Но вот сама-то тетрадка оказалась рабочей и не двенадцати листов, как обычно, а много большей. Дополнялась, знать, Кузьмой из-за нехватки страниц. И покорпел он над ней немало. Назывался тот труд памяткой. Да-да, «Памятка Кузьмы Федотовича Усова»! Так и было выведено фиолетовыми чернилами на обложке.
И, перво-наперво, сообщал Кузьма, что живет он в Сидорах, но не в Больших, как все умные люди, а в Малых и  работает в промартели в Криушах. На этом вступление заканчивалось и начинался другой этап повести: «Биография».
Что же тебя, Кузьма Федотыч, заставило написать всё это, выказать жизнь так рьяно, что будто бы ты Нестором летописцем   стал, а не деревенским мужиком?
                *   *   *
Родился Кузьма Федотыч, согласно «Биографии», в девяностом году прошлого столетия,  и так как мать вскоре умерла, то жил со слепым отцом у дядьки Емельяна. Бегал в школу в Большие Сидоры и окончил бы ее, да «не подпустили». Принялся плести рогожки и ходить с дядькой «на дроворуб». Пахал какой-то непонятной нынешнему люду пермянкой, а после посевной уезжал с мужиками в «комары и мошки» заготовлять мочало.
Жениться он «принялся неохотно»: денег на свадьбу не было… Тогда батька с Емельяном пошли к дяде Селиверсту и заняли сто рублей. А уж потом принялись искать ему невесту. И нашли: семнадцатилетнюю Домну Пухову. Жила она в семи верстах от Малых Сидоров и слыхом про жениха не слыхивала. Но это не беда! Другое главное: был Кузьма парнем хоть куда, да ещё и писарем устроился к старосте в Большие Сидоры.
Но не долго пожили своей семьей: взяли Кузьму Федотовича на германскую войну. Был  там ранен и попал в госпиталь. Оттуда   направили в Пермь в 62-й полк, куда угодил, однако, с опозданием. Затосковал ведь по дому и, как оказался в Екатеринбурге, то не удержался и двинул на родину. И пешком шел, и на подводах   «валялся», но попал-таки домой.

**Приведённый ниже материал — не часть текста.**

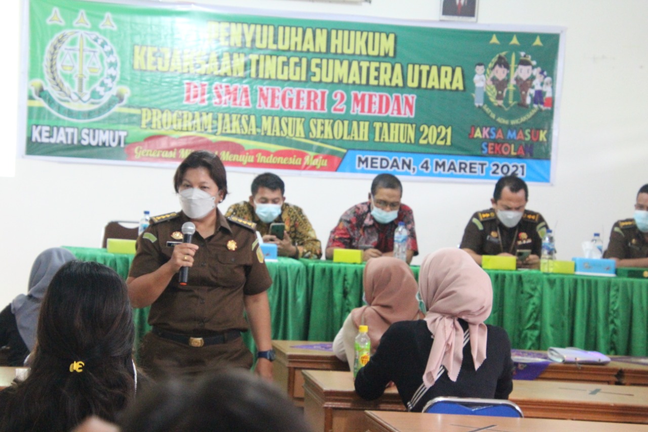 MEDAN-Tim Penkum Kejati Sumut melaksanakan Penyuluhan Hukum di SMA Negeri 2 Medan dalam Program Jaksa Masuk Sekolah. Acara Luhkum, Kamis (4/3/2021) dimulai pukul 09.30 WIB sampai pukul 11.30 WIB di Ruang Guru SMA N 2 Medan Jalan Karang Sari, Polonia Medan.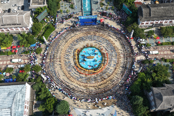 激昂的鼓点在广场中央擂响,如春雷乍响,似万马奔腾,瞬间点燃了整个县城的热情。舞者们以水鼓为中心,围成一圈圈“同心圆”,随着鼓点的节奏,翩翩起舞,旋转、翻越、甩手……动作豪迈有力,一脚踩出一串串水花,银铃叮咚响不绝。

Прогостил трое суток и таким же макаром поспешил в Екатеринбург. А оттуда до Перми рукой подать. Явился в расположение, доложил фельдфебелю, а тот как гаркнет: 
- Будет тебе сейчас за болтанки, осиновая голова! Пойдем в канцелярию!
А тут такая толкотня началась, что ай да ну: принялись строить полк на плацу. Показал фельдфебель кулачище: «Вот я тебе потом!» и убежал по своим делам. Больше Кузьма его не видел: пошел вдоль строя полковник, и кто нравился ему - шлёп рукой по плечу и в сторону. И Кузьму шлёп! Особого назначения полк формировался и уже в нём, вместо фельдфебельского-то кулака, получил дед через пару дней медаль и звание ефрейтора. За пролитую на германской войне кровь. «Вон как случилось!» - молвил он про себя и уселся в поезд до Архангельска. Готовиться к морскому путешествию. Полк ведь в чужие края собирался, во Францию.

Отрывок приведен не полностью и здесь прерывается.